A humanoid robot works side by side with an employee in the assembly line at a factory of Glory Ltd., a manufacturer of automatic change dispensers, in Kazo, north of Tokyo, Japan, July 1, 2015. Image: REUTERS/Issei Kato
Partnerships are critical

Equally important is the need to connect people across industries and across continents, to collaborate on solving the world’s biggest problems. No individual, no matter how educated they are, will be successful alone – collaborative, innovative thinking and partnerships are key to achieving our collective full potential. Industry has not just an opportunity, but also an obligation, to tackle the world’s greatest challenges. If we approach global hunger, access to clean water or reskilling our workforce as we would any other business challenge – and do so collectively – there’s no limit to what we can accomplish.

These partnerships are necessary now more than ever, as many are looking to create virtual walls to prevent the free flow of information. Cross-border data flows now generate more economic value than traditional flows of traded goods – as McKinsey estimates, total cross-border internet traffic increased 18-fold from 2005 to 2012, and data flows accounted for $2.8 trillion of global GDP in 2014. But there is an increasing tendency to control the flow, as government policies and commercial practices are combining to hold back a true, open internet. Experts across stakeholder groups in government, business and research should come together to create a community of shared beliefs to advance the free flow of information that is fundamental to growth and innovation.

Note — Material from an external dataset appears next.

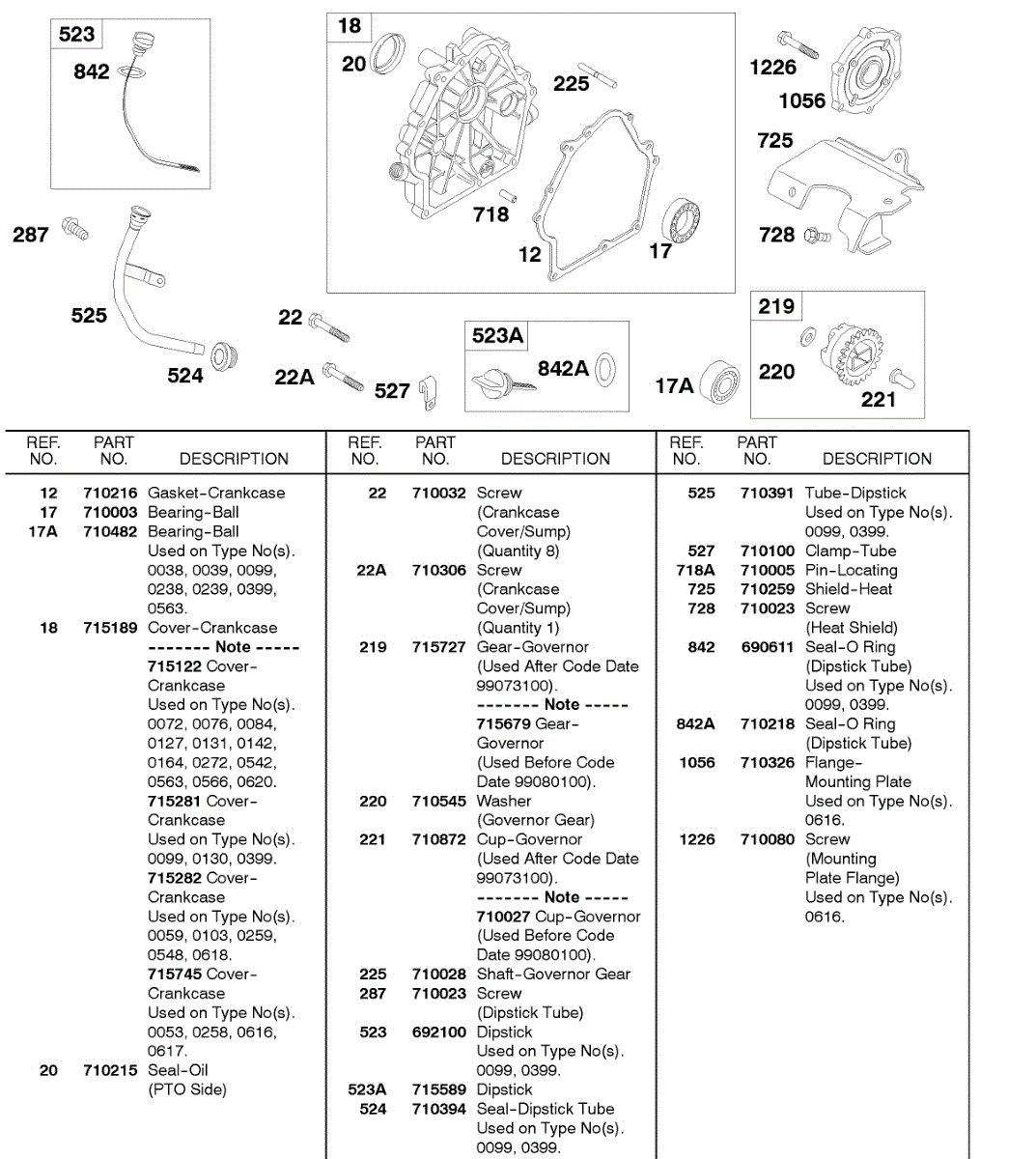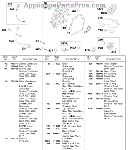Parts for Briggs & Stratton 185432-0047-09: Crankcase Cover, Governor Gear Parts

Extend innovation to everyone

For innovation to thrive, we must also ensure that its benefits extend to everyone. That work is already well under way – for instance, those living in villages in India can now receive visits from a medical specialist to address critical health issues that might have gone unaddressed. Cisco has also worked to respond to the refugee crisis in the Middle East and Europe, by donating equipment to establish Wi-Fi hotspots and connectivity for refugees on the move and in camps; providing volunteer time and in-kind technical support through our Tactical Operations and Disaster Incident Response teams; and awarding cash grants to strategic non-profit partners to provide internet-based information and coordination services to refugees and NGOs on the ground. This unique application of technology not only helps others, but can also drive business value that extends across borders and regions.

Technology and innovation hold great promise to drive growth, address fundamental issues that affect many, and help people all around the world prosper. But those possibilities can only be achieved through a commitment to discovery.

I ask business and government leaders around the world to commit to building a curious world that embraces innovation like never before. Real progress can only come when we have a workforce that’s prepared to lead us into the future, and meaningful partnerships focused on global impact that extends to each individual. The technology itself is here and ready to drive change. We now just need to commit and move with conviction.